Le premier jour du voyage a été plus directement axé sur les aspects militaires et stratégiques de la relation, qui, après avoir été maintenue dans l’ombre pendant des années, est maintenant pleinement mise en lumière. M. Gantz a rencontré son homologue marocain et a signé un protocole d’accord destiné à faciliter le dialogue entre les armées, les ministères de la Défense et les fabricants d’armes des deux pays, à échanger des renseignements et du savoir-faire et, peut-être, à organiser des exercices conjoints.
Le ministre de la Défense s’est également rendu au siège des Forces armées royales marocaines (RMAF), où il a rencontré l’ensemble du haut commandement autour d’un thé et de pâtisseries exquises, suivis d’un déjeuner préparé par un restaurant casher local – je vous en remercie encore une fois personnellement, RMAF – composé des meilleurs plats marocains : agneau rôti, poisson entier recouvert de légumes et d’épices, couscous aux fruits secs et cigares frits. Miam.
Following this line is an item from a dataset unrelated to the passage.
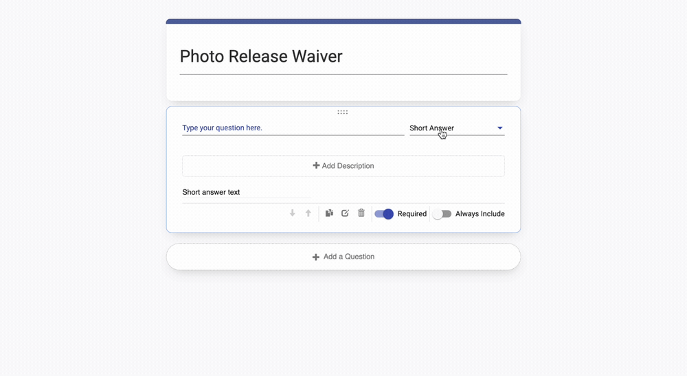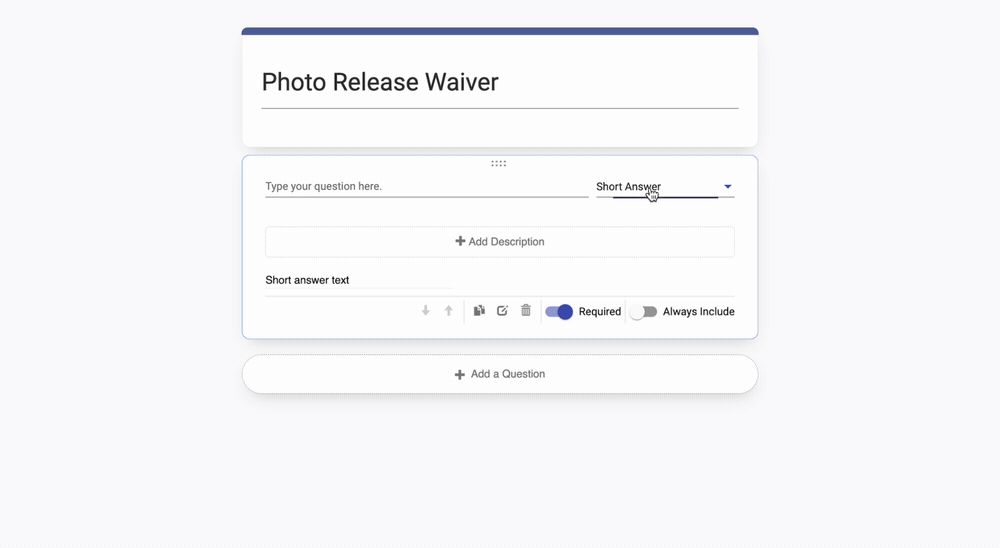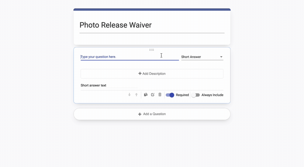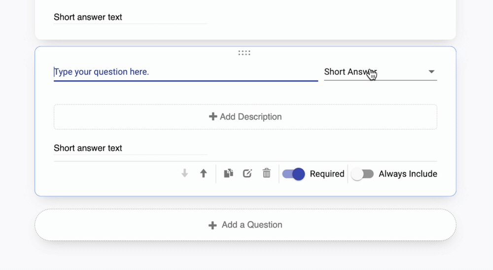 When you add a Short Answer, type in both the question or prompt (in the above example, "Name") and a brief description, if desired.

Le deuxième jour a été consacré à la communauté juive, avec la visite prolongée de la synagogue Talmud Torah. Le bâtiment lui-même était relativement modeste, avec un intérieur qui n’aurait pas semblé déplacé n’importe où en Israël : des panneaux en hébreu demandant aux gens de ne pas parler pendant les offices, un tableau indiquant les heures des prières, une couverture de velours rouge sur l’arche, une section pour les femmes derrière un rideau de tissu.

S’exprimant à la synagogue, M. Gantz a noté que la culture marocaine est une partie profonde de la culture israélienne, et cela s’étend également à la conception des synagogues. S’il n’y avait pas les quelques mots de français, les deux grands portraits du roi et le drapeau marocain près de l’arche, on ne se rendrait pas compte que la synagogue est située à l’étranger.
S’adressant aux journalistes après la visite de la synagogue, Gantz nous a dit de « ne pas être cyniques » quant à l’importance de la nouvelle relation d’Israël avec le Maroc, qu’il ne s’agissait pas seulement d’une alliance pour remplir les poches des fabricants d’armes israéliens ou pour faire avancer un objectif politique discret, mais de quelque chose ayant des implications sociales et culturelles. Et il n’a pas tout à fait tort.
Bien que, depuis Rabat, on puisse pratiquement entendre l’industrie de la Défense israélienne saliver en regardant le marché nouvellement ouvert et les centaines de millions de dollars de ventes d’armes qu’elle espère réaliser avec lui, le Maroc représente également le rare pays arabe que de nombreux Juifs ont fui dans les années qui ont suivi la fondation de l’État d’Israël et dans lequel ils peuvent maintenant retourner librement pour le visiter. C’est aussi un rare pays arabe qui maintient encore une communauté juive – même si elle est petite – et tous les avantages qui l’accompagnent, y compris une nourriture casher spectaculaire.